839.105-71 Liquidated damages - protection of information in information technology related contracts.
Contracting officers shall insert in information technology related contracts the liquidated damages clause as prescribed at 811.503-70.
839.106-70 Information security and privacy contract clauses.
(a) Contracting officers shall insert the clause at 852.239-70, Security Requirements for Information Technology Resources, and the clause at 852.239-71, Information System Security Plan and Accreditation, in all solicitations, contracts, and orders exceeding the micro-purchase threshold that include information technology services.
(b) Contracting officers shall insert the clause at 852.239-72, Information System Design and Development, in solicitations, contracts, orders, and agreements where services to perform information system design and development are required.
(c) Contracting officers shall insert the clause at 852.239-73, Information System Hosting, Operation, Maintenance or Use, in solicitations, contracts, orders, and agreements where services to perform information system hosting, operation, maintenance, or use are required.
(d) Contracting officers shall insert the clause at 852.239-74, Security Controls Compliance Testing, in solicitations, contracts, orders, and agreements, when the clause at 852.239-72 or 852.239-73 is inserted.
Subpart 839.2 - Information and Communication Technology
839.201 Scope of subpart.
This subpart applies to the acquisition of Information and Communication Technology (ICT) supplies and services. It concerns the access to and use of information and data by both Federal employees with disabilities and members of the public with disabilities in accordance with FAR 39.201. This subpart implements VA policy on section 508 of the Rehabilitation Act of 1973 (29 U.S.C. 794d) and 36 CFR parts 1193 and 1194 as it applies to contracts and acquisitions when developing, procuring, maintaining, or using ICT.
(a) General. Solicitations for information technology (IT) (i.e., ICT) or IT-related supplies and services shall require the contractor to submit a VA Section 508 Checklist (see https://www.section508.va.gov/).

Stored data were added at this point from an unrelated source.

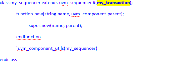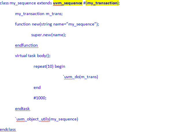 (1) 每一个sequence都应该派生自uvm_sequence,并且在定义时指定要产生的transaction类型,此处为my_transaction(不一定非要指定transaction,但如果不指定在定义body task或drive时,需要做额外的cast操作,详见seq构建部分-seq构建之类的派生).
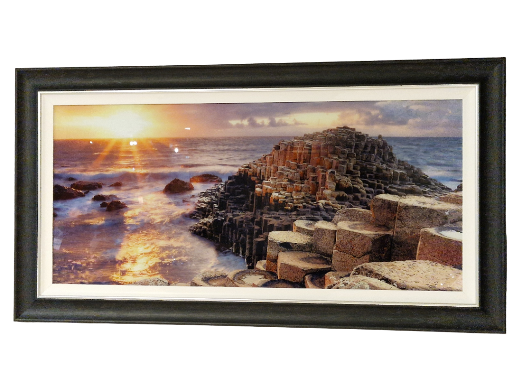 This beautiful frame contains a magnificent picture of the mythical Giants Causeway, considered one of the many wonders of Earth. Framed, and ready to hang.
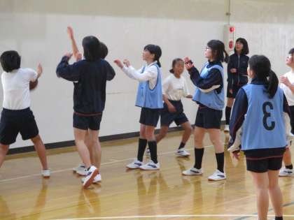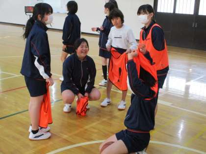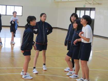 体育館へ行ったとき、丁度ゲームを終えて作戦タイムに入る場面でした。

839.203-70 Information and communication technology accessibility standards - contract clause and provision.
(a) The contracting officer shall insert the provision at 852.239-75, Information and Communication Technology Accessibility Notice, in all solicitations.
(b) The contracting officer shall insert the clause at 852.239-76, Information and Communication Technology Accessibility, in all contracts and orders.